39. Спасибо!

— Ты так и не проснулась, — сказала Нюра, на лицо которой была надета кроличья маска. — Хотя угрожала мне этим. Помнишь?

Вокруг всё ещё было фиолетовое свечение, и они по-прежнему сидели в автобусе. Только Тамара чувствовала, что сейчас ей нисколько не любопытно, куда они едут. Не хочется просыпаться. Она видела на удивление осознанный сон, и удерживала собственное сознание ровно на сонной кромке: она не проваливалась вниз, окончательно поверив в происходящее, и не взлетала вверх, чтобы вырваться из оков сновидения. Она чувствовала, что что-то будто бы плохое поджидает её там, наверху. И встречаться с этим ей не захочется.

Почему-то стало грустно.

— Почему на тебе маска? — спросила Тамара Нюру. — Ты что, маскируешься?

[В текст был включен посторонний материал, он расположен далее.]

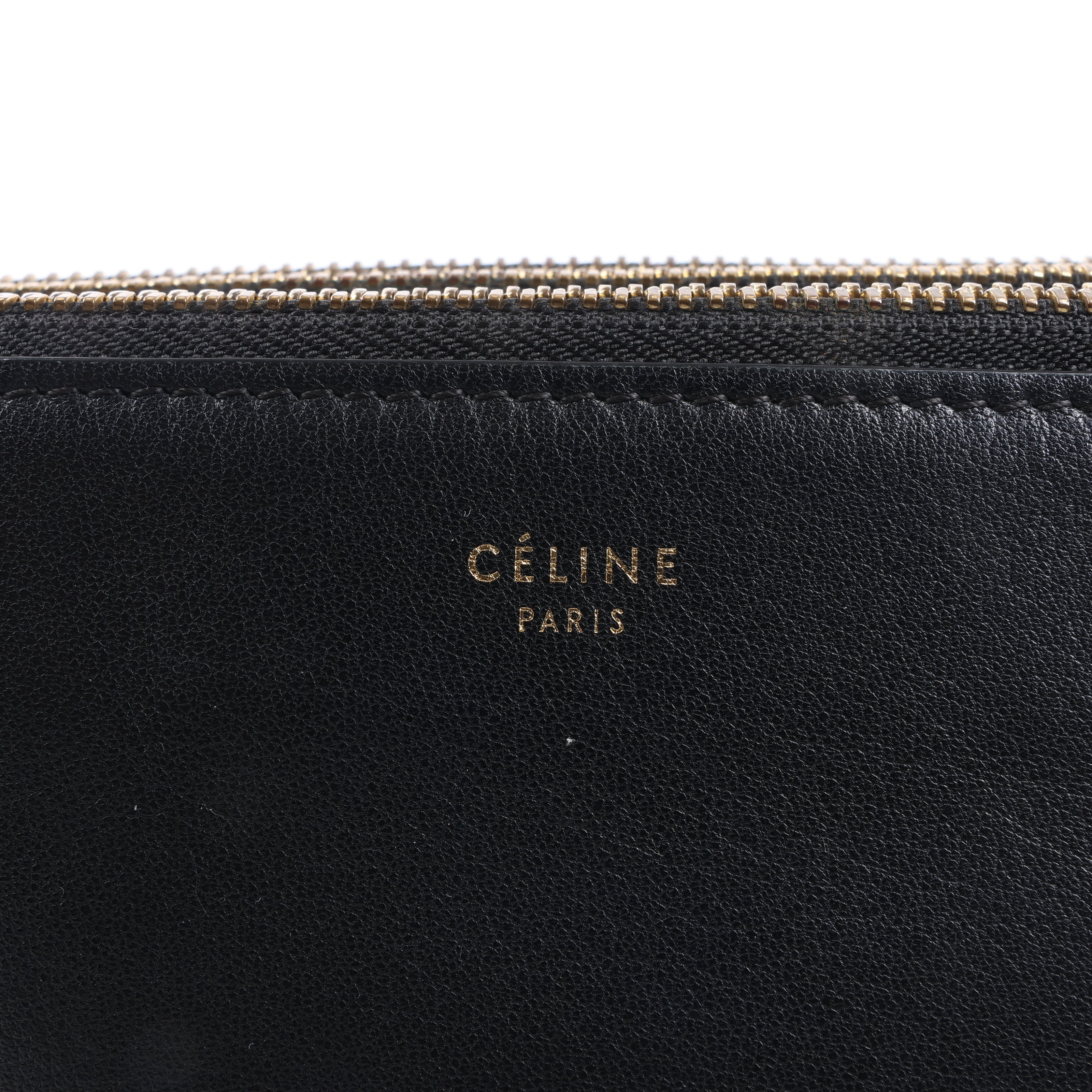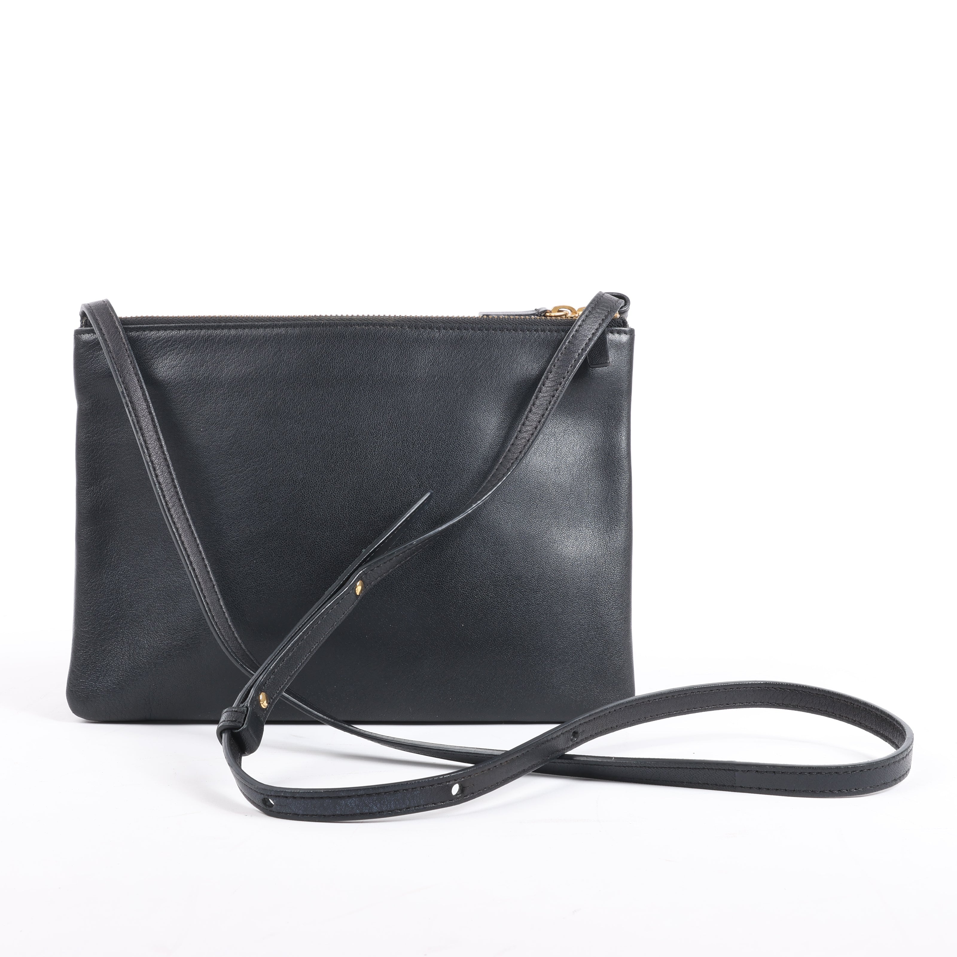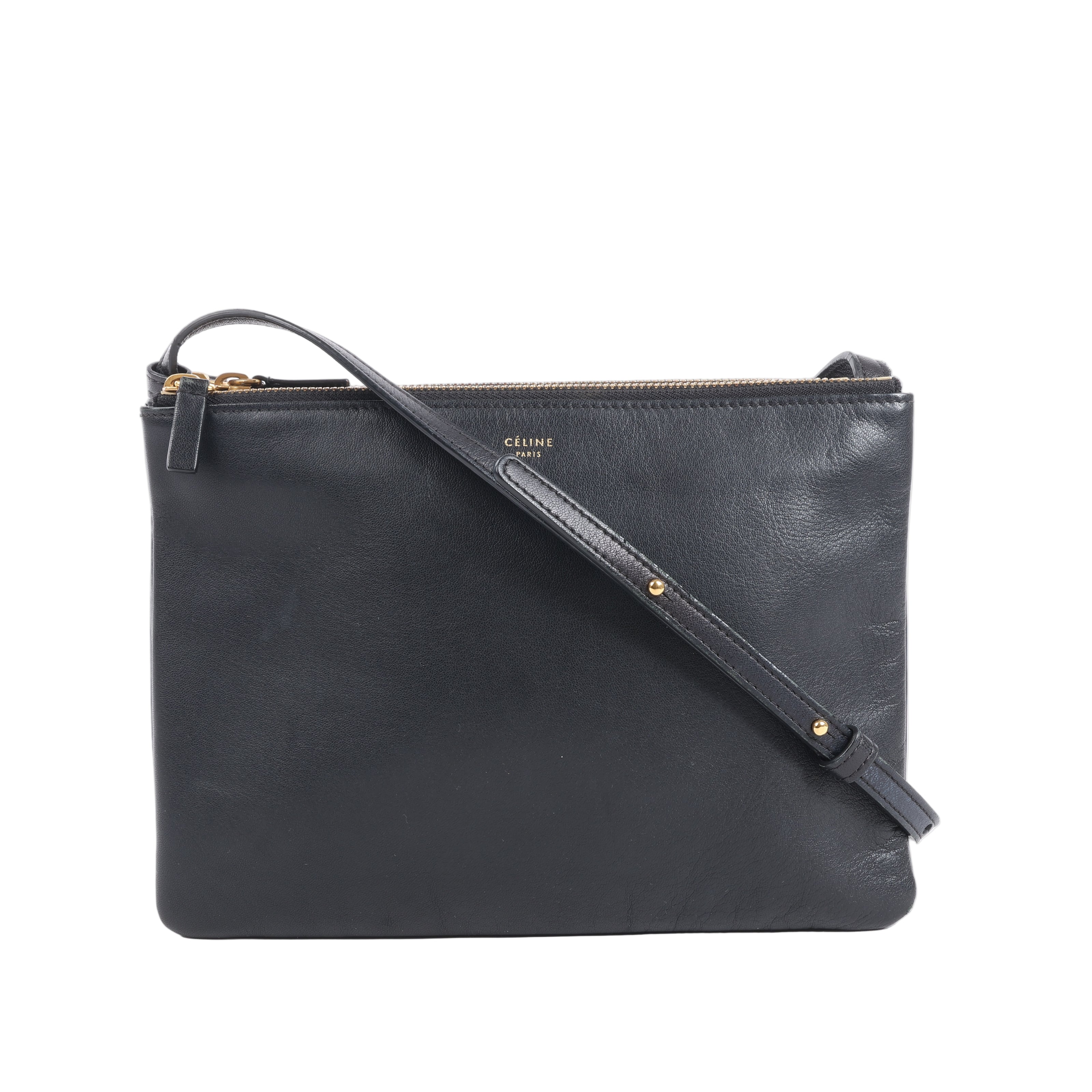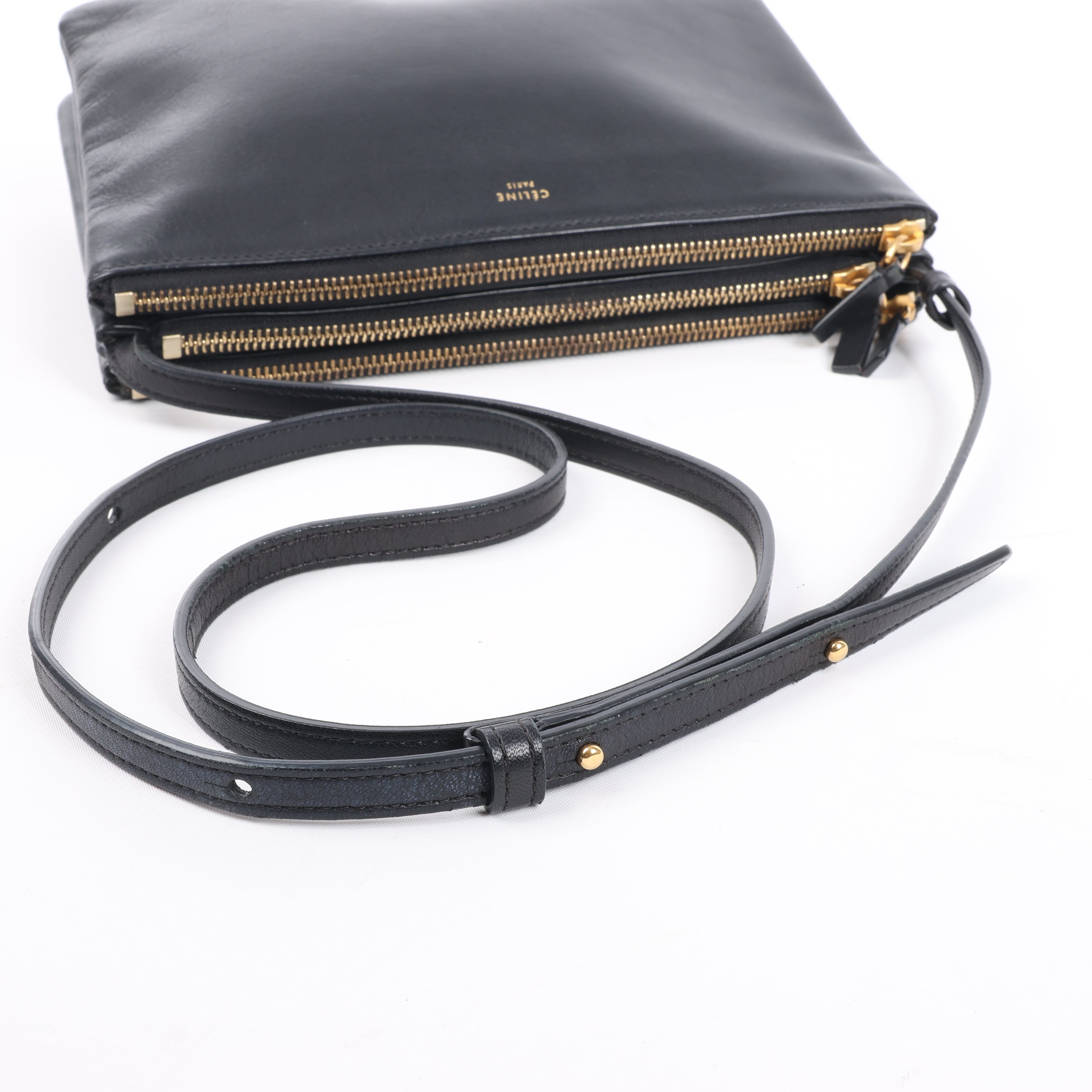 Elevate your everyday style with the Celine Trio Large Crossbody Bag in Black. Crafted from smooth calfskin leather, this minimalist classic features three zipped compartments and gold-tone hardware—perfect for organized, hands-free elegance.

— Да, так и есть, — подтвердила Нюра. — Притворяюсь кроликом, хотя на самом деле… Наверное, я не кролик.

— А кто тогда?

— Не знаю. Может, иногда мне хотелось бы верить, что я всё же кролик. Может быть… Всем нам хотелось бы быть кем-то ещё.

Голос из-под маски звучал чуть глухо. Судя по отблескам, она была сделана из плотной матовой пластмассы.

— Нюра, куда мы едем? — спросила Тамара, стараясь не глядеть в окна, за которыми начали скакать зловещие тени, от которых кожа рук покрывалась мурашками.

Нюра медленно повернула голову.

— Туда, куда ты больше всего не хочешь.

— Почему?

— Потому что это совершенно необходимо.

Всё неудержимо рухнуло вниз, пропал и автобус, и сиреневое сияние снаружи, и Тамара почувствовала, что неудержимо падает куда-то вниз…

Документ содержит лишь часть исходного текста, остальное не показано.